[Items from a data source]

===============

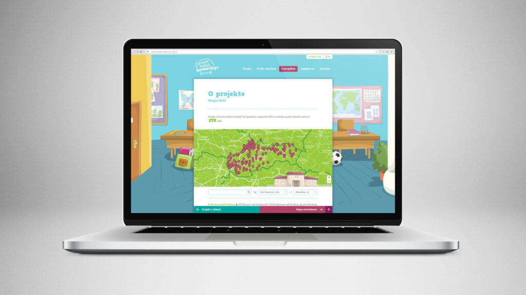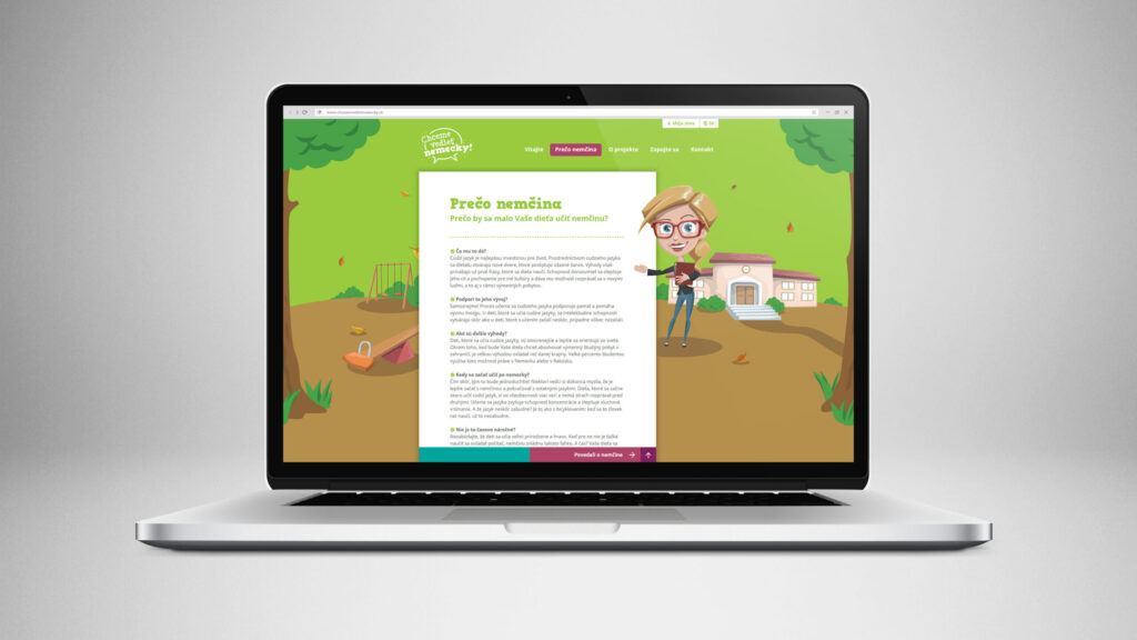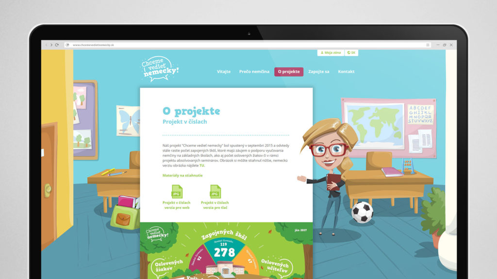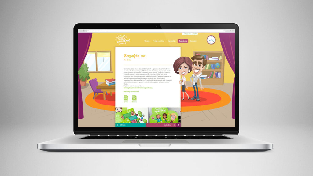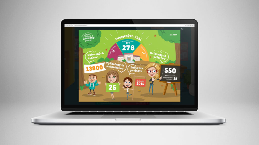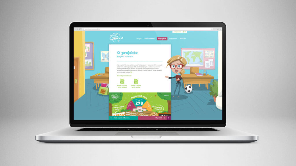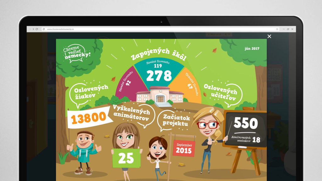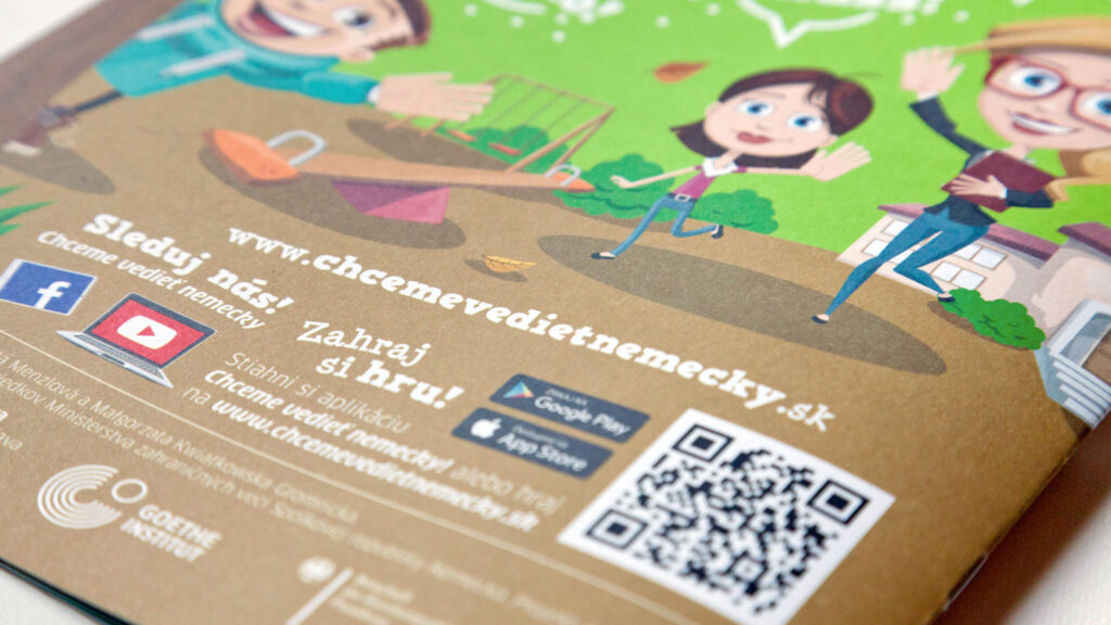Projektu sme navrhli jednoduchý a hravý vizuálny štýl, farebne nadväzujúci na identitu Goetheho Inštitútu, ktorý projekt realizuje. V priebehu projektu vznikli nápady a požiadavky na viacero nástrojov, ktorými boli vždy od začiatku školského roka oslovovaní žiaci, ich rodičia, aj samotné školy a učitelia nemčiny. Po troch rokoch fungovania je v projekte zapojených takmer 300 škôl z celého Slovenska, pre ktoré sme navrhli plagáty, letáky, foto-stenu – peepboard, časopis s vyplňovačkami a hravú mobilnú aplikáciu. Pre animátorov sme k animačným hodinám navrhli tzv. animačný kufor s hrami, pomôckami a darčekovými predmetmi. Pre sociálne siete projektu sme v spolupráci so Stalker Production navrhli a pripravili krátke virálne videá „Nemčina s Čekym“ s hercom Mariánom Čekovským.
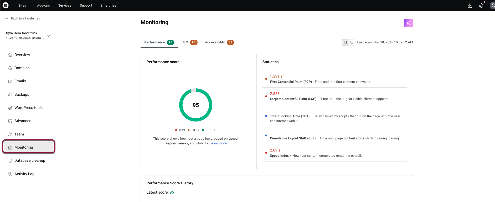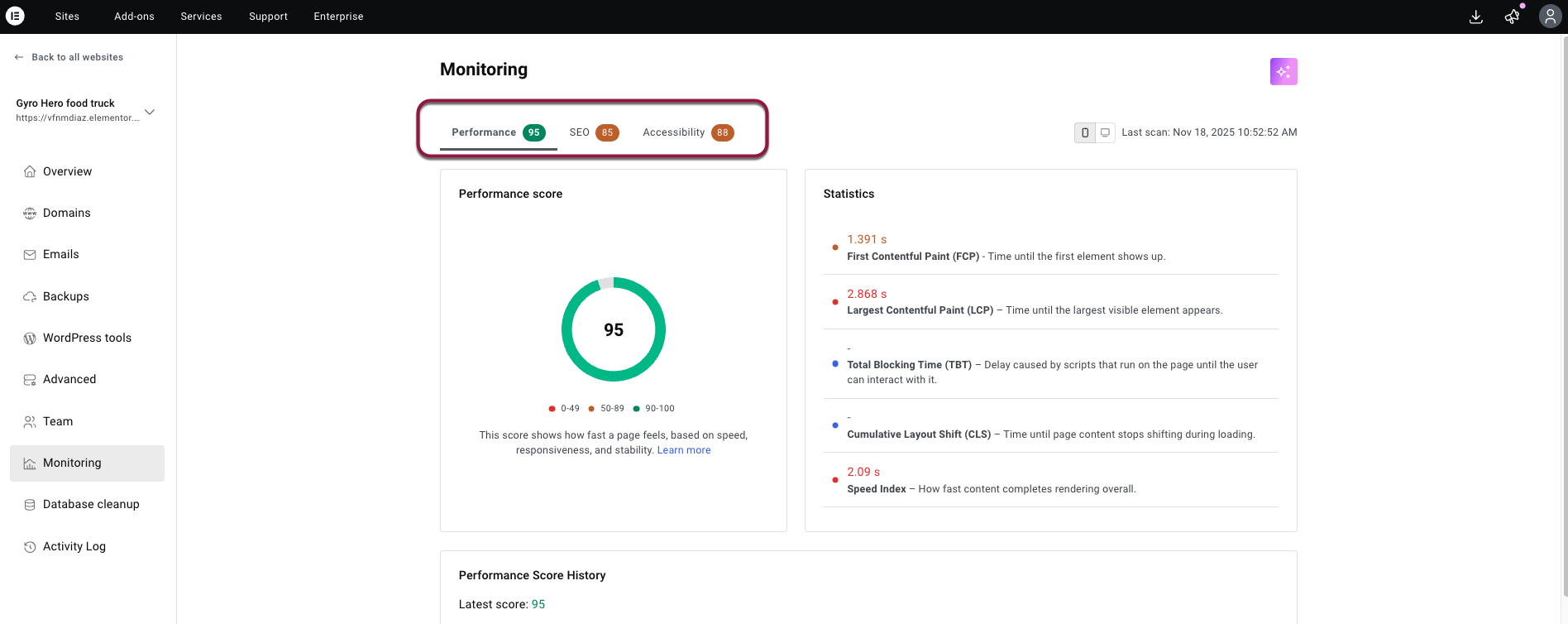 Monitoring gives in-depth insights for Performance, SEO, and Accessibility for your site in both Mobile and Desktop views.
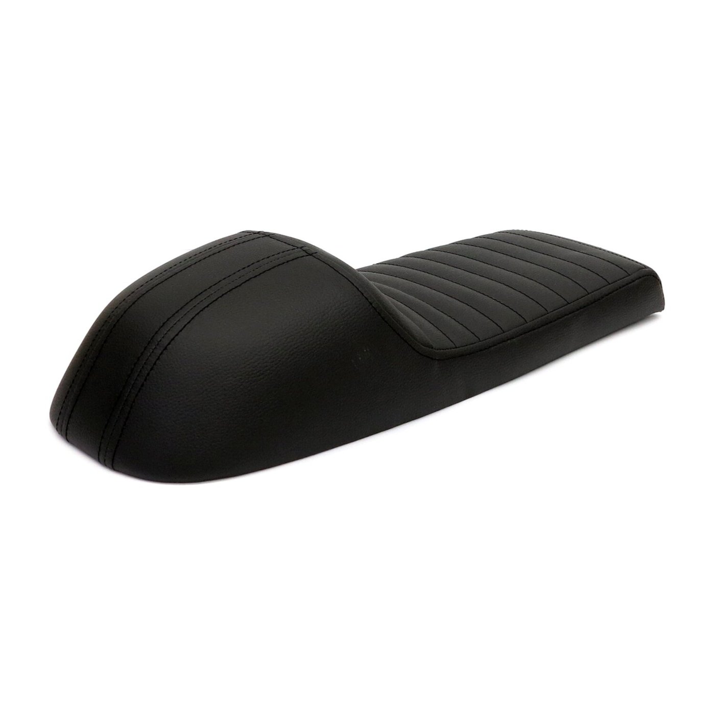 Universal Café Racer seat with a seat upholstery of black synthetic leather. Seat cowl and upholstery base are one-piece, fully covered with synthetic leather upholstery and come with 4 mounting points (M6-Steel plus nuts). Made from unpainted black ABS plastic and comes with 20mm thick seat foam that is covered with a water repellent membrane below the synthetic leather upholstery. Note: Installation modifications may be required.
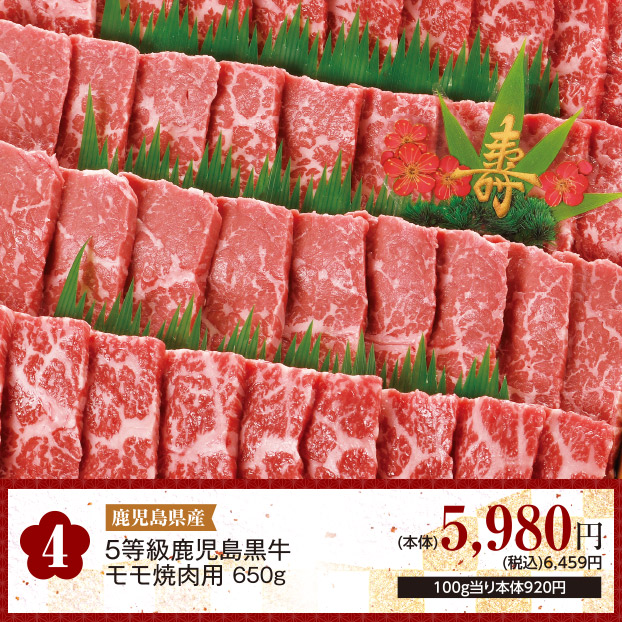 4.鹿児島県産5等級鹿児島黒牛モモ焼肉用650g
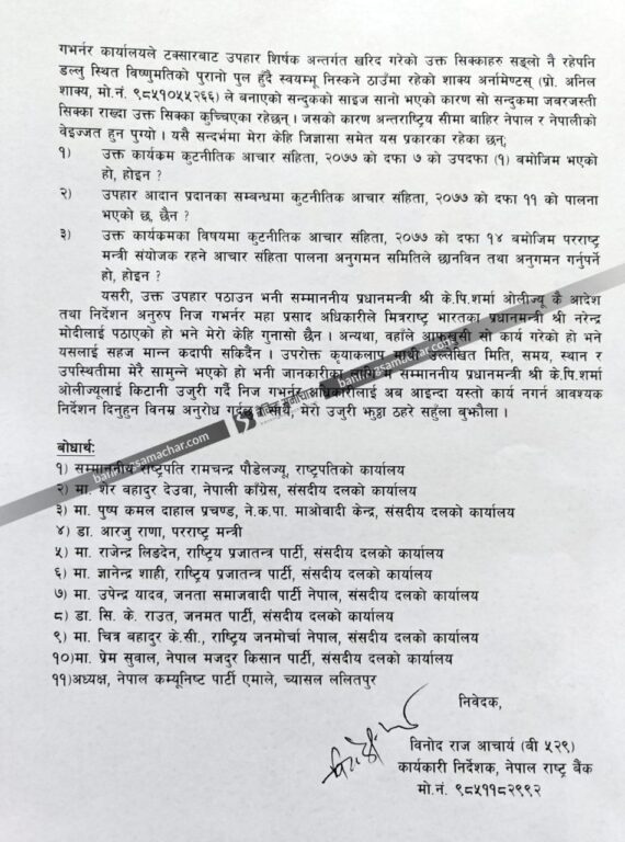 नेपाल राष्ट्र बैंकका कार्यकारी निर्देशक विनोदराज आचार्यले विभिन्न निकायमा कूटनीतिक मर्यादा परिपालना नगरेको भन्दै उजुरी दिएका हुन् । गभर्नर अधिकारीले भारतीय केन्द्रीय बैंक ‘रिजर्व बैंक अफ इन्डिया’ (आरबीआई) का गभर्नरमार्फत भारतीय प्रधानमन्त्री मोदीलाई उपहार पठाएको आरोप उजुरीमा लगाइएको छ ।
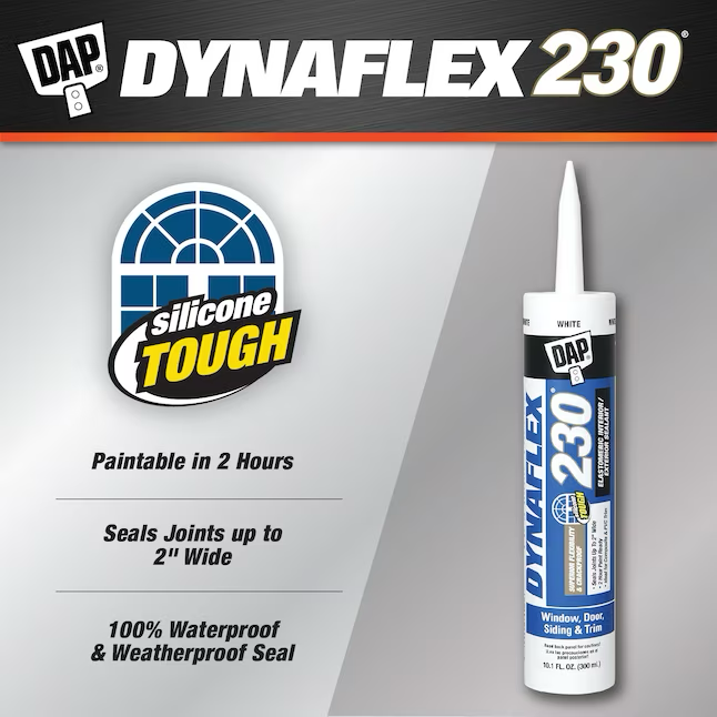 DAP® DYNAFLEX 230® 100% waterproof window, door, siding and trim sealant is a premium Elastomeric sealant with silicone like toughness to withstand the elements. Combines outstanding durability, adhesion and flexibility with easy tooling, paint ability, low odor and water clean-up. Highly flexible to handle joint movement without cracking, crumbling or losing adhesion. Ideal for sealing around window and door frames, siding and trim both inside and out.
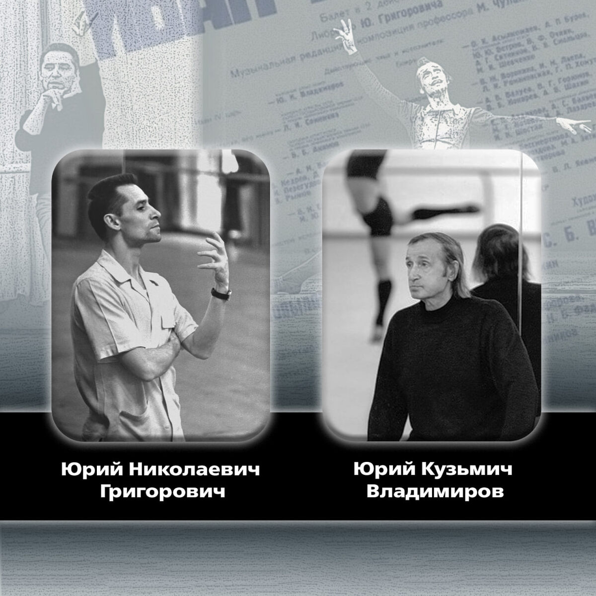 В память о Юрии Григоровиче и Юрии Владимирове «Что самое важное? Захотеть поставить. Предлогом может быть всё, что угодно», — эти слова, сказанные Юрием Григоровичем в одном из интервью, наверно, можно считать его девизом. Григорович стал одним из тех, кто создал классический балет заново, создал виртуозный мужской танец, вышедший на один уровень с женским, переосмыслил культовые балетные спектакли и воспитал несколько поколений артистов, столь же гениальных, как и он сам. Перечислить все его заслуги под силу только крупным исследователям балета; мы же вспомним те, без которых невозможно представить образ великого балетмейстера. Самой большой главой биографии Григоровича стал Большой театр, с которым маэстро был связан с 1964 года. На его сцене были созданы гениальные оригинальные постановки балетов «Щелкунчик», «Спартак», «Иван Грозный», «Ангара», «Золотой век», сюда же он перенёс поставленные ранее в Кировском театре «Каменный цветок» и «Легенду о любви», а затем и парижскую поста
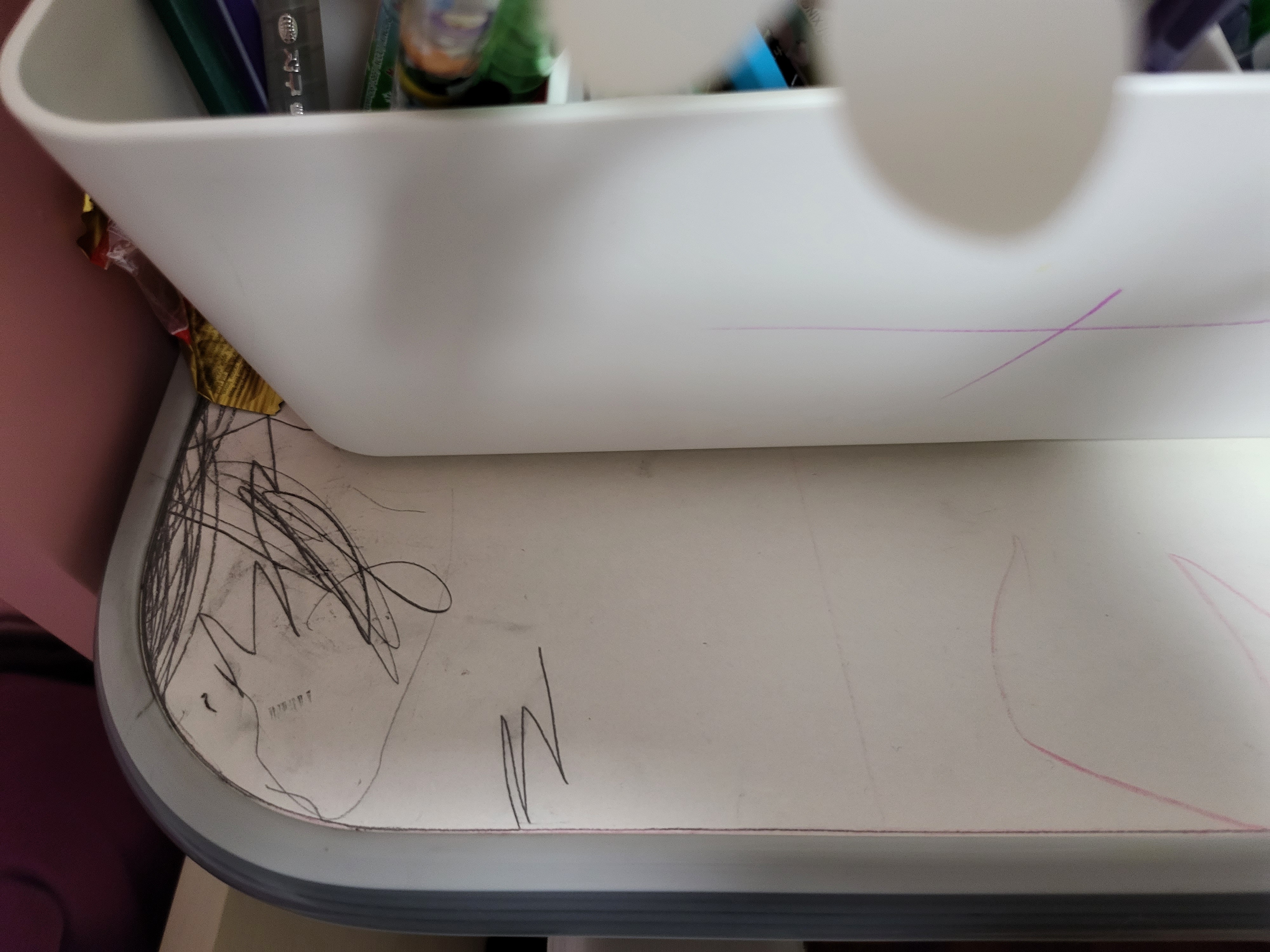 이런 일이 벌어질 수가 있나 싶어서 일반 물티슈로 열심히 문질러 보았더니 전혀 반응이 없었어요. 다시 눈을 의심하고 매직 스펀지로 문질러 보았더니, 쓱쓱 문지르기만 해도 깨끗하게 지워지는 것이었습니다. 저한테 책상 닦으라고 할까봐 걱정을 했지만, 결국 제가 신나게 닦았습니다.

===============

» Assignment: If a picture sits between the line containing "Monitoring gives in-depth" and the line containing "नेपाल राष्ट्र बैंकका", leave it out, and return the lines of that range above exactly, both ends included.

» Answer to this task:
 Monitoring gives in-depth insights for Performance, SEO, and Accessibility for your site in both Mobile and Desktop views.
 Universal Café Racer seat with a seat upholstery of black synthetic leather. Seat cowl and upholstery base are one-piece, fully covered with synthetic leather upholstery and come with 4 mounting points (M6-Steel plus nuts). Made from unpainted black ABS plastic and comes with 20mm thick seat foam that is covered with a water repellent membrane below the synthetic leather upholstery. Note: Installation modifications may be required.
 4.鹿児島県産5等級鹿児島黒牛モモ焼肉用650g
 नेपाल राष्ट्र बैंकका कार्यकारी निर्देशक विनोदराज आचार्यले विभिन्न निकायमा कूटनीतिक मर्यादा परिपालना नगरेको भन्दै उजुरी दिएका हुन् । गभर्नर अधिकारीले भारतीय केन्द्रीय बैंक ‘रिजर्व बैंक अफ इन्डिया’ (आरबीआई) का गभर्नरमार्फत भारतीय प्रधानमन्त्री मोदीलाई उपहार पठाएको आरोप उजुरीमा लगाइएको छ ।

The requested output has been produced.